On 08 Mar 2022, at 10:29, Joe Orton <jorton@redhat.com> wrote:
>> “No need to patch/compile locally" is not a good idea - currently the
>> travis tests target Ubuntu only, and this is a practical limitation
>> forced upon us by the nature of the Travis service. I want to see
>> reviewers try out the patch on different architectures. I for example
>> work on MacOS, but deploy to Redhat, so those are my two environments.
>> Others will have different environments.
>>
>> Our testing needs to be wide and diverse.
>
> Definitely +1 on the sentiment and I'm keen to help with any effort to
> add more diversity to the CI. Travis natively supports a bunch of
> non-Linux platforms so if someone cares about that they should be able
> to hook it up by tweaking the .travis.yml.
> https://docs.travis-ci.com/user/reference/overview/ <https://docs.travis-ci.com/user/reference/overview/>
Please don’t underestimate just how much ongoing work is involved first of all achieving the diversity of platforms, and then keeping them working on an ongoing basis.

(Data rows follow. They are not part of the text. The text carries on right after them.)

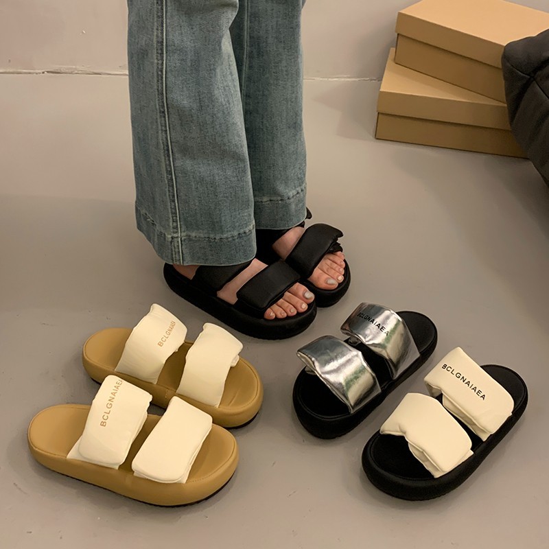 踩屎感厚底拖女外穿夏季百搭一字拖女双带魔术贴软弹面包凉鞋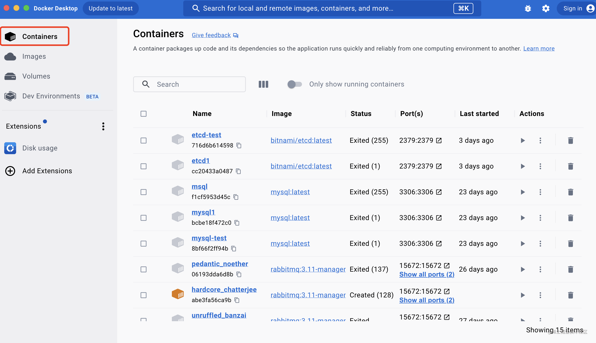 都可以通过 docker desktop 很方便的操作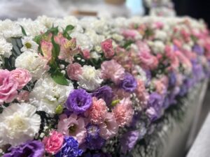 祭壇にも、故人様が特にお好きだったピンクのお花を主役に、淡い紫をそっと添え、全体をパステル調でまとめました。ご家族様が祭壇をご覧になった瞬間、「とても母らしいですね。お願いして良かったです」とおっしゃったその表情には、深い愛情と少しの安堵が浮かんでおり、私たちも胸が熱くなりました。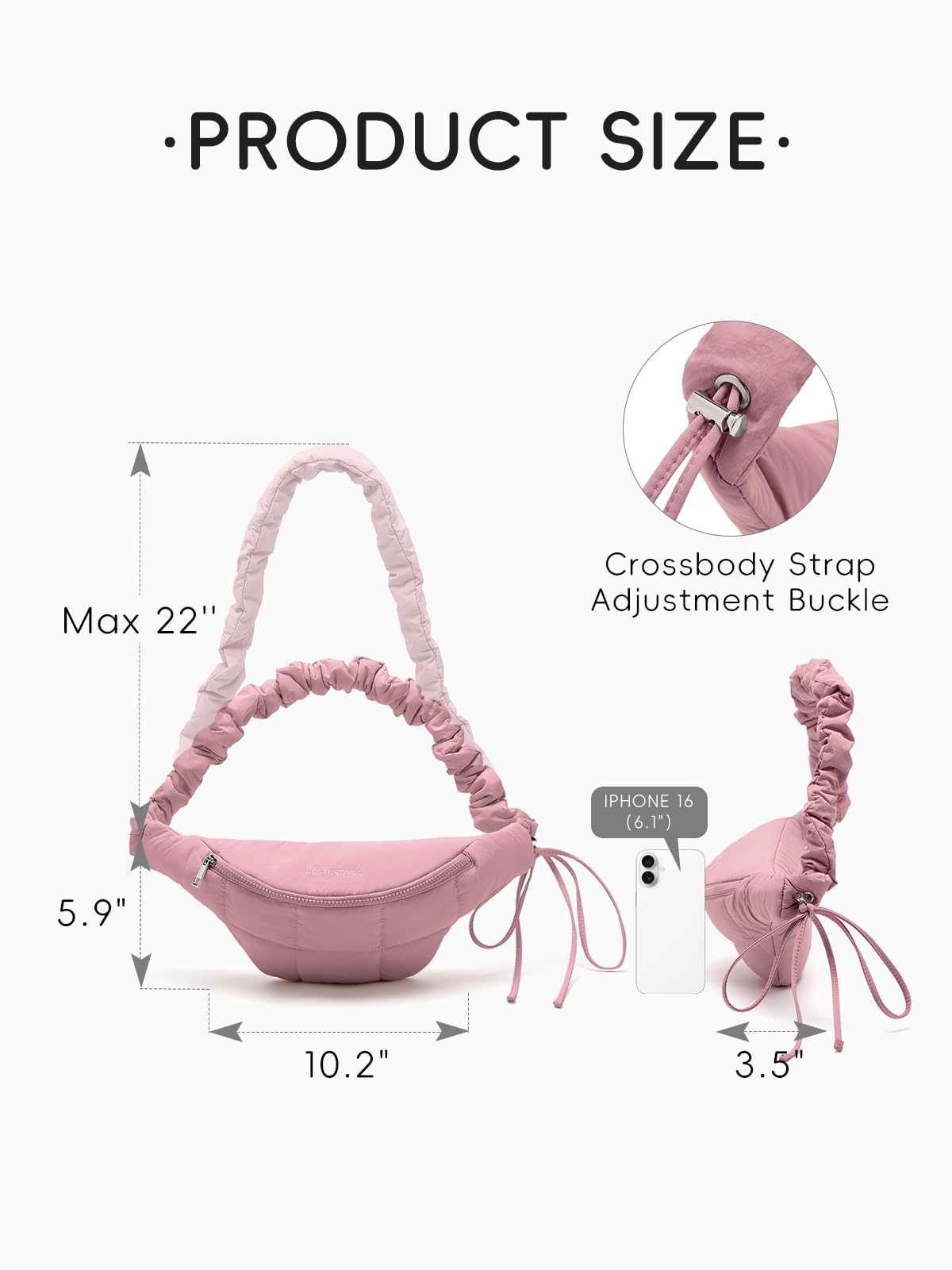 Perfect Compact Size & Durable Material: Measuring 10.2ββΓ3.5ββΓ5.9ββ(L*W*H), this lightweight womenβs sling bag weighs only 0.29lb β lighter than your smartphone! Crafted from durable, water-resistant nylon, this quilted belt bag keeps essentials secure and dry through daily adventures.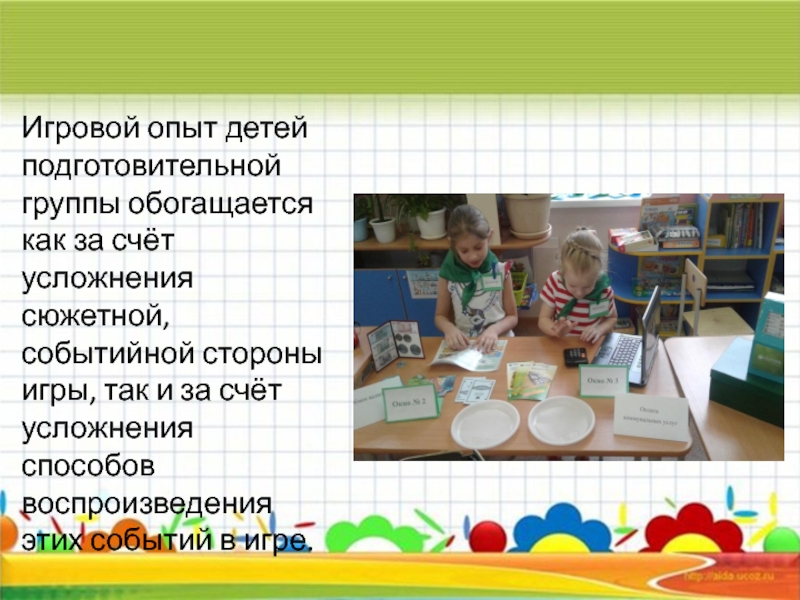Слайд 4Игровой опыт детей подготовительной группы обогащается как за счёт усложнения сюжетной,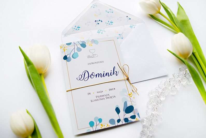 -wklejana wkładka z motywem dopadowanym do zaproszenia komunijnego Błękit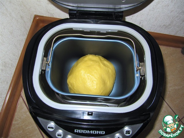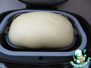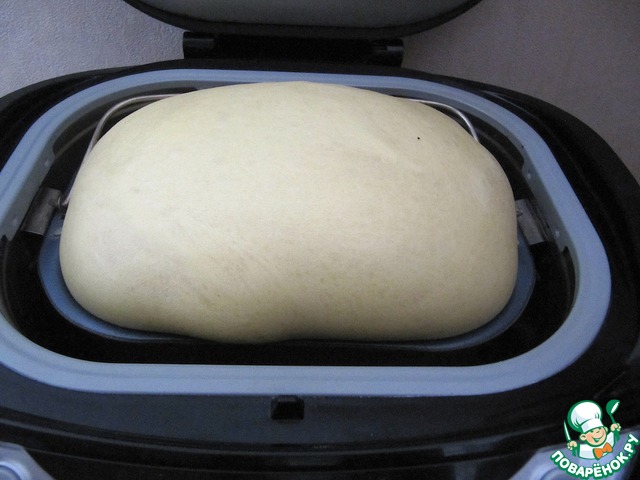 В этом рецепте для вымешивания теста использую хлебопечь от REDMOND. В ведерко ХП всыпать просеянную муку (в начале замеса 500 г, возможно добавление муки до 100 г), влить жидкую основу теста, вымесить тесто в течении 20-30 минут до гладкости. При ручном вымешивании тесто в начале вымешать ложкой, затем выложить тесто на стол, подпыленный мукой (+ 50-100 г) и продолжить вымешивание на столе при помощи скребка (около 30 минут) до полного отставания от рук (руки смазать растительным маслом). Правильно вымешанное тесто мягкое, пушистое, к рукам не липнет. Расстойку теста делала в выключенной ХП до увеличения теста как минимум в два раза (1,5-2 часа).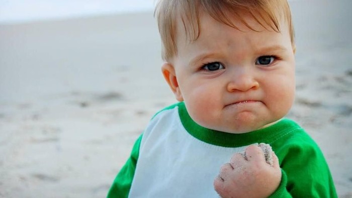 Meme bocah imut ini namanya Success Kid. Aslinya ini adalah foto Sammy Grinner, balita berusia 11 bulan. Meskipun fotonya dibikin tahun 2007, ia baru meledak jadi meme viral dunia tahun 2011 (Pool)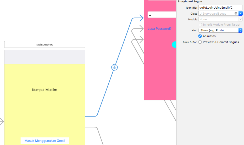 我不知道这是否有效,但上面的第一张图片实际上是我的认证故事板。我试图在“身份验证故事板”中分离身份验证过程。主要的故事情节如下:

I have spent a very long time getting code to work on COPR, which targets Fedora/Redhat derivatives. The COPR service is excellent, but I have yet to get any non trivial piece of code to build on all targets. Apart from the arbitrary differences between platforms, there is regular instability. In some cases there is platform breakage (dependencies suddenly break), sometimes network outages, in other cases there is an inability to compile with no obvious reason.
Using Github/Travis should inform us on the status of a proposal.
Github/Travis should definitely not be invited onto our PMC and given a veto vote on backports and releases.
I spend a lot of time fixing bugs in open source projects, the pattern is I find something broken, I dive in, rip it to bits, fix the error handling, then fix the problem, and then submit upstream, then to distros. In some cases I have been waiting years for bugfixes to be picked up by projects, and it’s often because their CI is broken and so nobody will give the PR a second glance without significant prodding. In the collectd case the whole project was locked out.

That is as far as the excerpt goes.